Si cette position française ne fait pas encore l’unanimité, elle a déjà installé un climat de méfiance au sein de l’Union à l’égard du pouvoir algérien. Certains pays pourraient toutefois se montrer réticents, à l’image de l’Italie, qui entretient actuellement des relations particulièrement étroites avec Alger, scellées par des contrats gaziers avantageux et des tarifs préférentiels, dans un contexte de véritable «lune de miel» diplomatique.

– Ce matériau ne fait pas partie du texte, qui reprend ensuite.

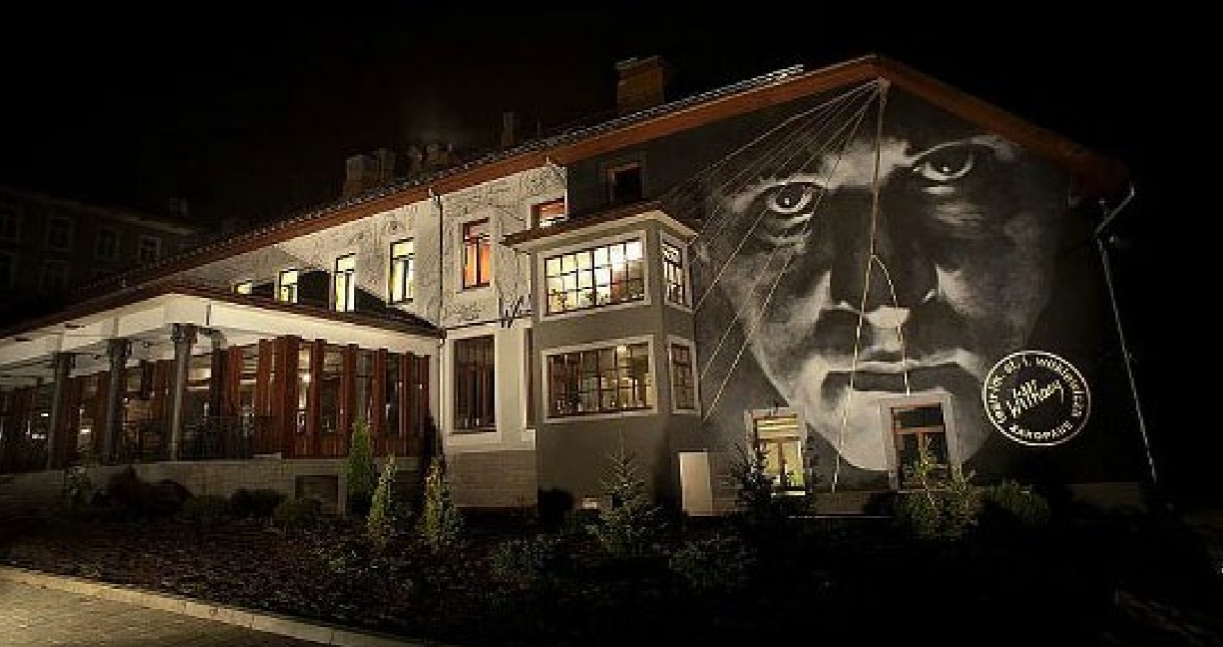
■ Duża Scena Teatru im. St. I. Witkiewicza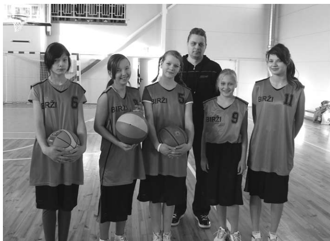
Biržu pamatskolas meiteņu komanda (2. vieta).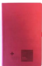
notebook A5 € 10,00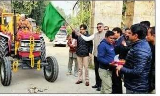
सक्छन मरीन को हरी झंडी दिखा रवाना करते निगम आयुक्त और रबर प्लांट के अधिकारी। संब्यन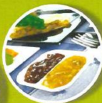
Portage de repas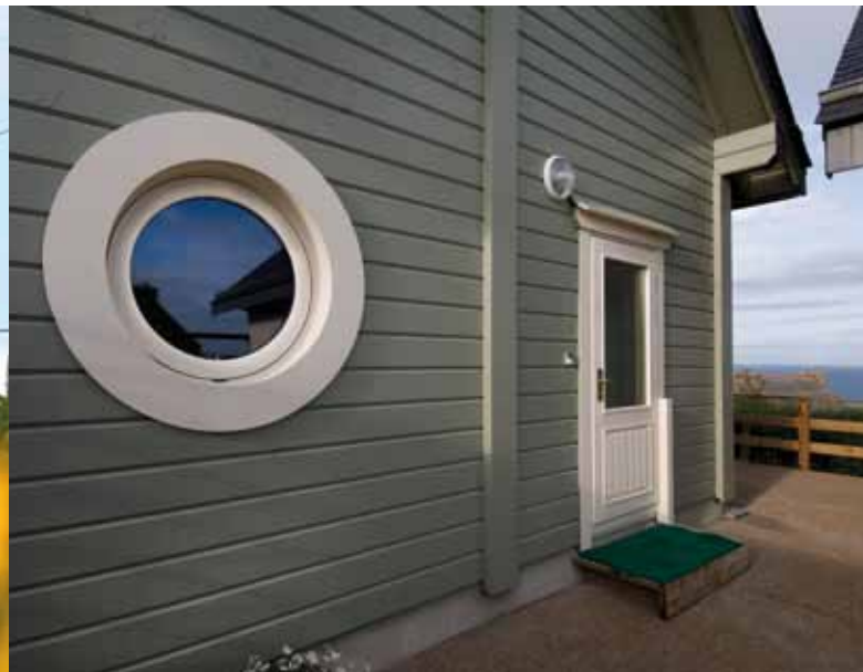
En bois, certes, mais parfaitement intégrée au style breton, la maison se fond dans son voisinage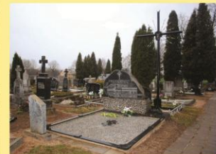
Šėtos partizanų bendras kapas perlaidojus palaikus 1989 m.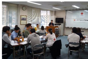
▲こころのケア研修：支部主催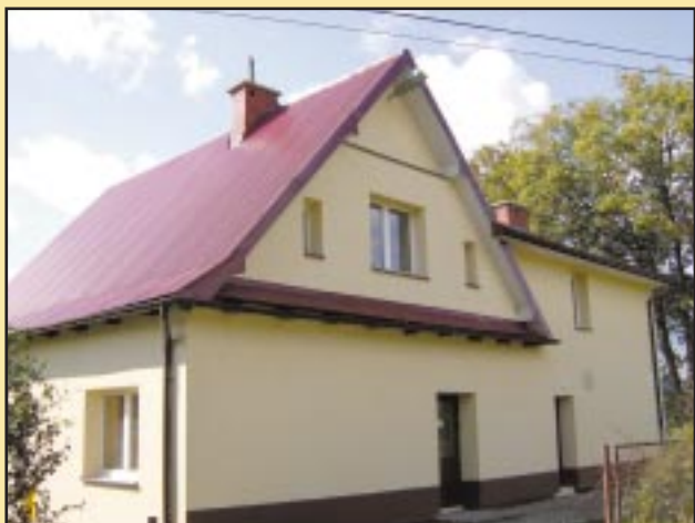
Budynek szkoły w Słupi po remoncie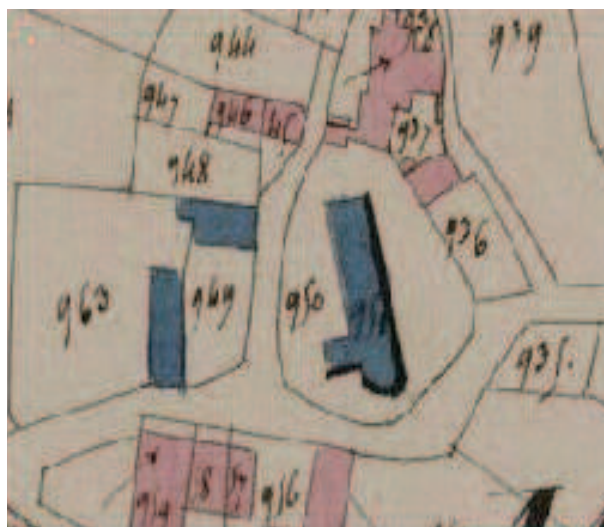
Fig. n° 2 – Église de Mussy. Plan cadastral de 1829

Les deux chapelles qui encadrent actuellement la travée du chœur sont de construction tardive. Les murs nord et sud de la travée romane ont

Mais la question qui taraude aujourd’hui tous les esprits est celle de savoir comment Alger va réagir à cette escalade française doublée d’une pression européenne. Fuite en avant vers encore plus de ruptures ou remise en cause de sa stratégie de la terre brûlée avec Paris?

Saut dans l’inconnu ou retour forcé au réalisme et au pragmatisme?

Il est absolument certain que le régime algérien, si tétanisé soit-il par cette décision, ne restera pas les bras croisés et ne fera pas comme si de rien n’était.

Le fil de sa relation avec Paris est tellement tendu qu’il ne peut plus se permettre le luxe d’attendre l’échéance de 2027 pour espérer un changement de locataire de l’Élysée et, par conséquent, un changement de politique algérienne de la France.

Le temps presse et l’heure est aux choix cruciaux.